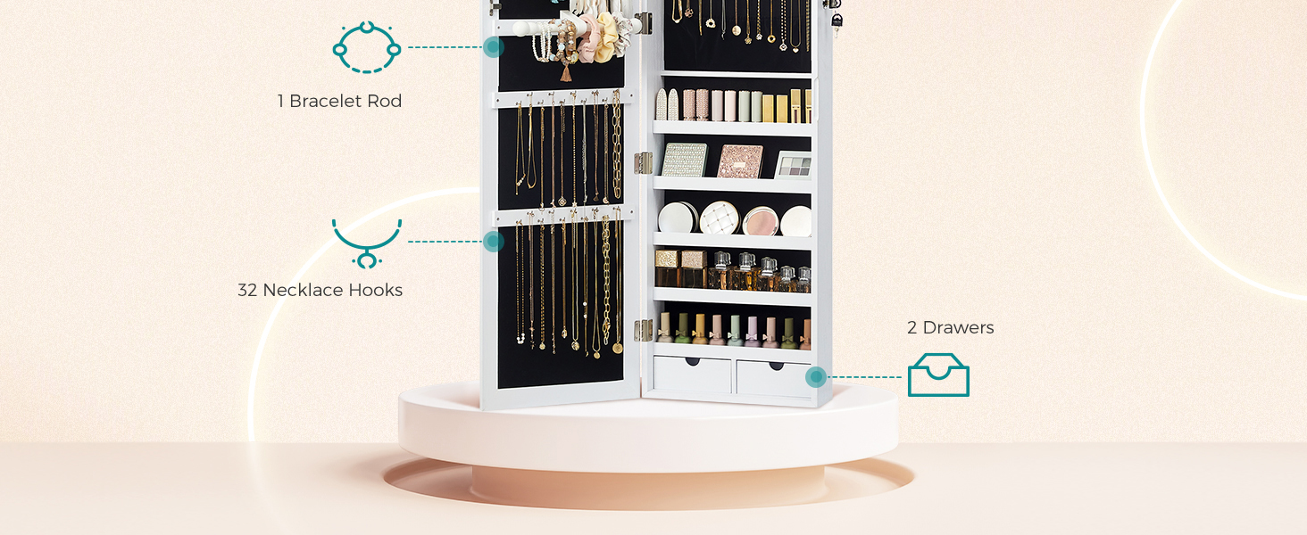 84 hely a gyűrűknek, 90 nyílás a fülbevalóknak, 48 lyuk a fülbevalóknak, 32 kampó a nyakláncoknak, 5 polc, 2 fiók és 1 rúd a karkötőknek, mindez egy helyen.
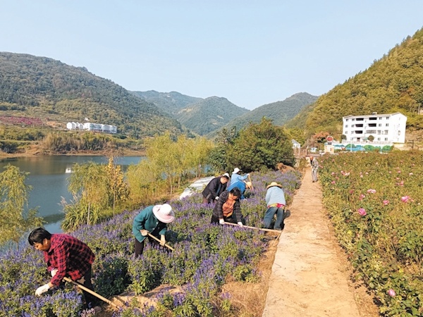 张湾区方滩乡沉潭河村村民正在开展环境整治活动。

--

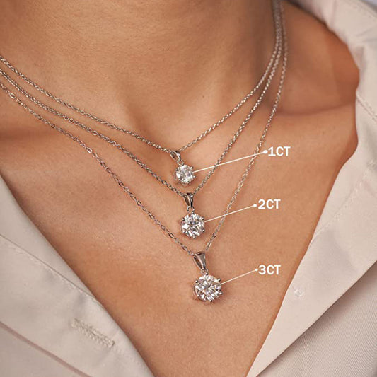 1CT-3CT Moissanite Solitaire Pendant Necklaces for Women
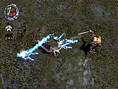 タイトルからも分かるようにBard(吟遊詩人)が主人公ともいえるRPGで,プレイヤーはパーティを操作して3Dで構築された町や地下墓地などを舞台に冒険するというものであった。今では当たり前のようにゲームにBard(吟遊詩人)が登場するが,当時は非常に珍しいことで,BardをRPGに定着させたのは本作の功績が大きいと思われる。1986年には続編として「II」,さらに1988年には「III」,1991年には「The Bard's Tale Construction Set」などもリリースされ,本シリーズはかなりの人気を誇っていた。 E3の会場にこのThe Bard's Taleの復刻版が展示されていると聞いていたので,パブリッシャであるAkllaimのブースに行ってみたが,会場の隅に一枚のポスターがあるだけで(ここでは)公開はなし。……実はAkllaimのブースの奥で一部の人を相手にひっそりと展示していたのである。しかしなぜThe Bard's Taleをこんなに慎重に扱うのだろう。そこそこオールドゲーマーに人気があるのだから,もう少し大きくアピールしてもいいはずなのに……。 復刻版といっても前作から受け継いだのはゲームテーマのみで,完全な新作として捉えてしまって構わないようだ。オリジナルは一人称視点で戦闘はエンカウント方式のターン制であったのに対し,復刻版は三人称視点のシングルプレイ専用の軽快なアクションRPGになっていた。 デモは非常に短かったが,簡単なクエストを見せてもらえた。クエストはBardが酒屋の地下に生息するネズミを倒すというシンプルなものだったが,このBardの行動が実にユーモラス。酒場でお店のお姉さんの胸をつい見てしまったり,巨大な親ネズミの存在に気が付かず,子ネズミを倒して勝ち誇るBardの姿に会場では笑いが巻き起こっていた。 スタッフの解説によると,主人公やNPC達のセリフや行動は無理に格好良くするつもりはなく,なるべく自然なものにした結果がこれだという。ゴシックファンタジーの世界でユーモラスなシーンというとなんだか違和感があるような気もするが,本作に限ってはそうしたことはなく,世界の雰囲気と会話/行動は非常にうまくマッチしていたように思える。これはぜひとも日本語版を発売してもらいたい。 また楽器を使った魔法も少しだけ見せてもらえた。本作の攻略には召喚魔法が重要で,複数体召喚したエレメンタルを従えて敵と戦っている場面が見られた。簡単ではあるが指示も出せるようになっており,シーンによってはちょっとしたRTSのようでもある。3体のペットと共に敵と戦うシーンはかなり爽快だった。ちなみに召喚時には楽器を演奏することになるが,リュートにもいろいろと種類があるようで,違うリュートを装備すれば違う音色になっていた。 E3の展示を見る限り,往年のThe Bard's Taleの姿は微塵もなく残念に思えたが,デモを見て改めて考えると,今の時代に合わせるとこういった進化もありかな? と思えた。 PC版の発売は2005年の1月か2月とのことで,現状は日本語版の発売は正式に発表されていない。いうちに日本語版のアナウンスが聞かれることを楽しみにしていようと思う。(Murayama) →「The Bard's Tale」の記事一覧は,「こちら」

Problem
Your copy should hold the lines from the one with "84 hely a gyűrűknek, 90" up to and including the one with "张湾区方滩乡沉潭河村村民正在开展环境整治活动。", exactly as in the data above, and no pictures.

Answer to this problem
 84 hely a gyűrűknek, 90 nyílás a fülbevalóknak, 48 lyuk a fülbevalóknak, 32 kampó a nyakláncoknak, 5 polc, 2 fiók és 1 rúd a karkötőknek, mindez egy helyen.
 张湾区方滩乡沉潭河村村民正在开展环境整治活动。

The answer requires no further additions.